Text as Data

This is a repo for a class on Text as Data


Text as Data

Welcome to my course entitled “Text as Data.” On this page, you will find an overview of the course, a description of each topic covered in the course, and a series of instructions about how to access all of the software and materials necessary for the course.

What is Text as Data?

The past decade has witnessed an explosion of data produced by websites such as Twitter, Facebook, Google, and Wikipedia, but also the mass digitization of historical archives and administrative records. Though these new data sources hold enormous potential to address a range of pressing problems within industry and academia, collecting and analyzing text-based data presents unique challenges. Fortunately, the widespread availability of text-based data coincides with major advances in the fields of computer science and natural language processing. This course will provide students with an overview of popular techniques for collecting, processing, and analyzing text-based data—including screen-scraping, mining data from application programming interfaces or APIs, topic modeling, text networks, and advanced text classifiers.

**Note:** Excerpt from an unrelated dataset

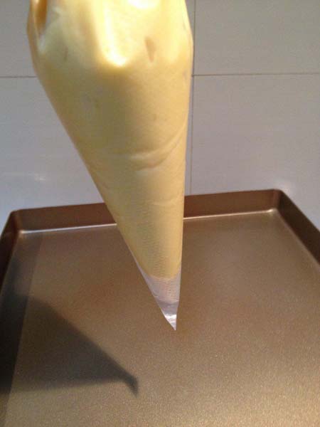 后面的步骤就和网上一样了,待凉后分次加入蛋液,至面糊在筷子头形成倒三角而不滴落的状态,装入裱花袋,挤在烤盘上。(附图19)

What Subjects are Covered in this Class?

This class covers a range of different topics that build on top of each other. For example, in the first tutorial, you will learn how to collect data from Twitter, and in subsequent tutorials you will learn how to analyze those data using automated text analysis techniques. For this reason, you may find it difficult to jump towards one of the most advanced issues before covering the basics.

Application Programming Interfaces

Screen-Scraping

Basic Text Analysis

Dictionary-Based Text Analysis

Topic Modeling

Text Networks

Word Embeddings

Who are You?

I am a Professor of Sociology, Public Policy, and Data Science at Duke University who studies political polarization on social media. You can learn more about my research here. Much of the material in the tutorials above draws upon my own research and text analysis techniques I’ve developed. Yet I also draw heavily on a number of other excellent tutorials by a range of different people who I tried to remember to thank in each tutorial above—if I forgot to recognize your work, please email me!

How can I Access the Course Materials?

All of the materials for this course are available online via the links above. Many of the datasets used are loaded directly from my Github page, which also hosts all of the source files necessary to produce the tutorials above.

How can I get started?

This course assumes basic familiarity with the R software. If you are new to R, I recommend the sequence of online courses described on this website to get you started.